The AI that grew a tomato
On the 30th of December, 2025, a U.S. resident Martin DeVido based in Boise, Idaho sowed a tomato seed. Not outdoors, the frigid winter weather doesn’t allow tomatoes to grow outdoors in Idaho. He sowed this seed in an indoor environment. He then gave Claude, Anthropic’s AI model, full control over the physical environment that the plant could grow in. Claude could control via physical actuators the plant’s exposure to light, its soil temperature, water availability, humidity and airflow. Claude also had inputs, via a camera that photographed the plant, CO2 sensors, RH sensors, air and leaf temperature sensors, soil moisture sensors.
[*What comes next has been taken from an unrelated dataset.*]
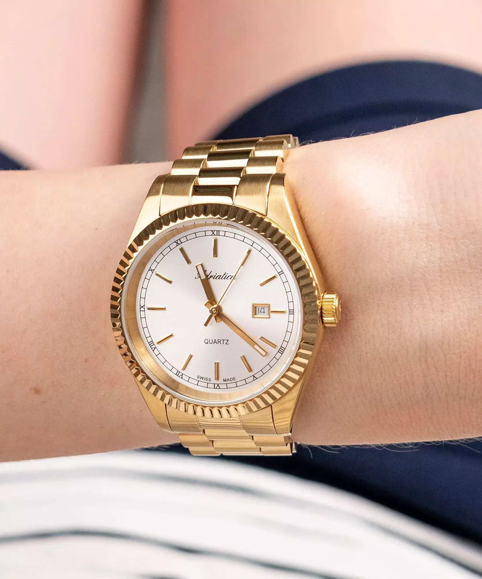 Женские кварцевые часы Adriatica A3090.1113QXL — изысканная швейцарская классика с тёплым золотым оттенком. Круглый корпус размером 36 мм из стали с PVD-покрытиемPVDУльтратонкое покрытие наносится в технике вакуумного напыления, сочетает в себе нитрид титана особой прочности со слоем золота или оксида хрома. Несёт в себе декоративную или защитную функцию. цвета жёлтого золота, циферблат с солнечной текстурой Sunray и штрихами, окошко даты в положении 3 часов. Стекло — минеральноеМинеральное стеклоМинеральное стекло представляет собой искусственно выращенный минерал кварца. Такое стекло отличается особой устойчивостью к повреждениям и царапинам. Уступает по некоторым качествам сапфировому стеклу. с сапфировым покрытиемСапфировое стеклоПрочный и надёжный материал из кристалла сапфира синтетического происхождения, характеризующийся особой твёрдостью и устойчивостью к царапинам и повреждениям.. Механизм — швейцарский кварцевый Ronda 785. Водонепроницаемость 50 м. Рифлёный безельБезельВнешний ободок, закрепляющий стекло. В спортивных часах так называется поворотное кольцо с делениями на циферблате, выполняет роль таймера – замеряет отрезки времени на шкале. Неподвижный безель – элемент декора. Однонаправленно вращающийся безель на дайверских часах позволяет фиксировать моменты погружения и выныривания на поверхность. и завинчивающаяся заводная головка подчёркивают внимание к деталям. Браслет — стальной с PVD-покрытиемPVDУльтратонкое покрытие наносится в технике вакуумного напыления, сочетает в себе нитрид титана особой прочности со слоем золота или оксида хрома. Несёт в себе декоративную или защитную функцию. на раскладной застёжкеРаскладная застёжкаТакой тип застёжки используется только на браслетах из металла. Она никогда не раскрывается полностью, происходит разделение на 2 и более частей. Раскладывающая застёжка снизит вероятность потери часов к минимуму.. Идеальный выбор для тех, кто ценит швейцарское качество и элегантный женственный стиль.

A Live view of Claude growing tomatoes in Idaho
Claude has a rich in-built knowledge about the mechanisms by which plants grow:
- CO2 uptake — Plants take up atmospheric CO2 and turn it into sugars. Ambient air is ~420 ppm CO2; in an indoor environment, a fruiting tomato depletes this fast. Claude tracks it and injects CO₂ to keep photosynthesis running at full rate.
- Vapour pressure deficit — Measures the difference between how much water vapour the air can hold vs how much it actually holds. Too low (humid/cold) and plants stop transpiring; too high (dry/hot) and stomata close. Claude manages air temperature, humidity and airflow to keep VPD in the sweet spot.
- Stomata regulation — The tiny openings on a plant’s leaf open and close based on the difference between air and leaf temperature. Keeping this difference optimal keeps the stomata optimally open for growth.
- Root zone enzyme activity — Enzymes in the root zone help plants absorb nutrients, but they slow down in cold conditions. Claude tracks root zone temperature and maintains it for optimal absorption.
- Root zone moisture — Too much or too little soil moisture restricts nutrient uptake. Claude tracks soil moisture with probes and maintains it in an ideal window with pulses of irrigation.
- Photosynthesis — Light provides energy for the plant to produce sugars. In certain growth periods, additional light can increase photosynthesis and fruit production. Claude tracks and schedules ON/OFF cycles and light intensity accordingly.
- Thigmomorphogenesis — Plants exposed to wind produce thicker stems to withstand it, and thicker stems support larger fruits. Claude provides a controlled air stream to trigger this response.

Plant Growth Mechanisms
A critical thing to note here is that the maintenance isn’t weekly or daily as it is with many agricultural systems. Claude maintains these variables in their optimal range by checking in on their values every 30 min. Moreover, the results from experiments like this show just how many challenges farmers are up against when growing on open fields. None of the variables are really under their control other than irrigation scheduling. Just as in Idaho the temperature is too cold for plant growth in winter, in much of India it is often too hot and summer crops are adversely affected by this.
What if Claude grew 100 tomatoes
Claude can learn only so much from one experiment growing a single tomato plant though.
What if it grew 100 plants and tried something slightly different in each case? 100 experiments could mean many times more learnings and at a faster pace than a single run.
Perhaps when learnings occur at this pace, we could rapidly increase the quantum and diversity of food production while at the same time reducing our material footprint(water and energy) and growing farmer incomes as a result.
This is the real world equivalent of the accelerated learning that is happening in AI data centers everywhere. In the case of Large Language Models (LLMs like ChatGPT) learning and improving requires more text data. The text of the internet - all the literature that has ever been written about agriculture and plant growth - is only adequate as a starting point though. The learnings possible through literature saturate and experiments are necessary.
In some domains such as robotics, a first step might be experiments in simulated environments (i.e. think virtual robots learning to walk). In domains such as agriculture too this might be possible. But all experiments must eventually move to the physical world. In this scenario, human beings can serve as the labour measuring inputs given to Claude and changing temperature , humidity etc via controls as per Claude’s instructions. This is only likely to slow down the pace of experiments, albeit in the short run it might be necessary, to avoid the costs of Sensors and actuators. Either way, this appears to be an experiment just waiting to be done and the effects of its outcome on agriculture, especially in the developing world are likely to be very consequential.
The fast growth of polyhouse based agriculture in India, is a tailwind that can only help make this more likely than not. The village of Gurha Kumawatan has the highest concentration of polyhouses in India.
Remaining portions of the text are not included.